I have created a 48-node cluster consisting of host0
to host47
(all nodes are g2.2xlarge
Amazon EC2 instances with no NFS).
According to https://ipyparallel.readthedocs.io/en/latest/process.html, I have created a controller on host0
and 47 engines on host1
to host47
. I have replicated most of the configuration for the ssh
ipyparallel
cluster from the StarCluster project (but, as I have said, without NFS).
The cluster works and seems to produce correct results, but loading modules sometimes takes very long.
For instance,
import ipyparallel as ipp
client = ipp.Client('/path/to/ipcontroller-client.json',sshkey='mykey')
view = client[:]
view.block=True
with view.sync_imports():
import time
import numpy
from keras.models import Sequential
from keras.layers import Dense, Dropout
from keras.regularizers import l1
from keras.optimizers import SGD
from subprocess import check_output
takes more than 30 minutes until it is finished. This does not change if I change to block=False
and view.wait()
. Also using view.execute("import time; import numpy; import keras.models ...")

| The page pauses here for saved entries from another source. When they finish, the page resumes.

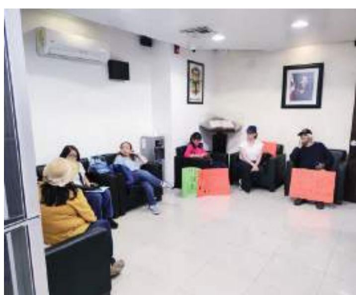
MEXICALI.- Maestros jubilados del COBACH exigen a las autoridades les paguen jubilaciones.

Esta experiencia educativa, fue aprovechada por estudiantes de la UABC, lo que les permitirá contar con una visión integral de la importancia del tratamiento de aguas residuales y el impacto que tiene en la preservación del medio ambiente y la salud pública en Mexicali.
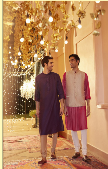
ਕਰੋ, ਅਤੇ ਨਵਰਾਤਰੀ ਦੇ ਹਰ ਦਿਨ ਨੂੰ ਵਿਲੱਖਣ ਬਣਾਓ।

ਇਸ ਵਿੱਚ ਰਵਾਇਤੀ ਕਾਰੀਗਰੀ ਨੂੰ ਆਧੁਨਿਕ ਸ਼ੈਲੀ ਨਾਲ ਜੋੜਿਆ ਗਿਆ ਹੈ। ਨਵਰਾਤਰੀ ਦੇ ਅਨੁਸਾਰ ਰੰਗਾਂ ਵਿੱਚ ਸੂਤੀ ਅਤੇ ਸਿਲਕ ਦੇ ਮਿਸ਼ਰਣ ਵਾਲੇ ਕੁਰਤੇ ਖਰੀਦ ਸਕਦੇ ਹੋ। ਉਹਨਾਂ ਨੂੰ ਚੁੜੀਦਾਰ ਜਾਂ ਧੋਤੀ ਨਾਲ ਜੋੜੋ, ਅਤੇ ਹਰ ਨਵਰਾਤਰੀ ਜਸ਼ਨ ਨੂੰ ਬੇਦਗਲਾ ਜੋਕਟਾਂ ਅਤੇ ਕਮਰਕੋਟਾਂ ਨਾਲ ਵਿਸ਼ੇਸ਼ ਬਣਾਓ। ਬੱਚਿਆਂ ਲਈ ਫੈਬਇੰਡੀਆ ਦਾ ਨਸਲੀ ਪਹਿਰਾਵੇ ਦਾ ਸੰਗ੍ਰਹਿ ਆਰਾਮ ਅਤੇ ਸ਼ੈਲੀ ਦਾ ਸੁਮੇਲ ਹੈ। ਲੜਕਿਆਂ ਲਈ ਕੁੜਤੇ ਅਤੇ ਧੋਤੀਆਂ ਹਨ ਅਤੇ ਕੁੜੀਆਂ ਲਈ ਆਕਰਸ਼ਕ ਡਿਜ਼ਾਈਨ ਕੀਤੇ ਲਹਿੰਗੇ ਅਤੇ ਅਨਾਰਕਲੀ ਸੌਟ ਹਨ। ਹਰੇਕ ਪਹਿਰਾਵੇ ਨੂੰ ਨਰਮ-ਨਰਮ ਫੈਬਇੰਡੀਆ ਤੋਂ ਬਣਾਇਆ ਗਿਆ ਹੈ ਤਾਂ ਜੋ ਇਹ ਨਾ ਸਿਰਫ ਬੱਚਿਆਂ ਲਈ ਆਰਾਮਦਾਇਕ ਹੋਵੇ, ਸਗੋਂ ਉਹਨਾਂ ਨੂੰ ਤਿਉਹਾਰਾਂ ਦਾ ਦਿੱਖ ਵੀ ਬਣਾਉਂਦਾ ਹੈ। ਫੈਬਇੰਡੀਆ ਦੇ ਨਵਰਾਤਰੀ ਤੋਂ ਪ੍ਰੇਰਿਤ ਸੁਨਹਿਰੀ ਫੈਬਰਿਕ ਕਲੈਕਸ਼ਨ ਵਿੱਚੋਂ ਚੁਣੋ। ਆਪਣੇ ਪੂਜਾ ਸਥਾਨ ਨੂੰ ਪਿੱਤਲ ਅਤੇ ਤਾਂਬੇ ਦੀਆਂ ਪੂਜਾ ਪਲੇਟਾਂ, ਪ੍ਰਥੂ ਸ਼ੈਲੀ ਧਾਰਕਾਂ ਅਤੇ ਤੇਲ ਦੇ ਦੀਵੇ (ਦੀਵੇ) ਨਾਲ ਸਜਾ ਕੇ ਵੀ ਨਵਰਾਤਰੀ ਦੀ ਪੂਜਾ ਨੂੰ ਹੋਰ ਵੀ ਵਿਸ਼ੇਸ਼ ਬਣਾ ਸਕਦੇ ਹੋ। ਫੈਬਇੰਡੀਆ ਦੇ ਨਿੱਜੀ ਦੇਖਭਾਲ ਉਤਪਾਦ ਤਿਉਹਾਰਾਂ ਦੇ ਸੀਜ਼ਨ ਦੌਰਾਨ ਤੁਹਾਨੂੰ ਤਾਜ਼ਗੀ ਮਹਿਸੂਸ ਕਰਨਗੇ। ਖੁਸ਼ਬੂਦਾਰ ਤੇਲ, ਸਾਬਣ, ਅਤੇ ਬਾਡੀ ਲੌਸਨ ਸਮੇਤ ਜ਼ਹਿਰ-ਮੁਕਤ ਚਮੜੀ ਦੀ ਦੇਖਭਾਲ ਅਤੇ ਇਸ਼ਨਾਨ ਦੀਆਂ ਜ਼ਰੂਰੀ ਚੀਜ਼ਾਂ ਲਈ ਆਪਣੇ ਆਪ ਦਾ ਇਲਾਜ
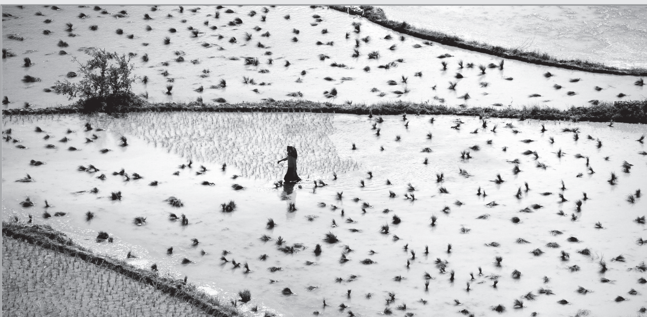
شیرازهای گلستان

محوریت توسعه آبی راهها است و به همین دلیل، صدور بعضی از مجوزها، با کاربردهای خاص در حریم راهها همخوانی نداشته و لازم الاجرا نخواهد بود. به گفته وی، هرگونه خرید و فروش زمین و تغییر کاربری در حریم راهها نیازمند دریافت استعلام مثبت از اداره ایمنی و حریم راههای اداره کل راهداری و حمل و نقل جاده ای است که باید قبل از هر استعلام دیگری از سوی ارگان هایی همچون سازمان همیاری شهرداری ها، دهیاری ها، شهرداری ها، جهاد کشاورزی و غیره دریافت شود.

does not help. I know that loading keras
modules is somewhat slow, but on my local machine it's usually done in less than 1 minute. I have tried both pickle
and json
(un)packing.
I should mention that the loading of the modules works fine when I use the same cluster for another calculation. I guess the loaded modules are somewhere cached. But when I terminate the instances, create new ones and configure a new ipyparallel
cluster, I have the same issues with module loading.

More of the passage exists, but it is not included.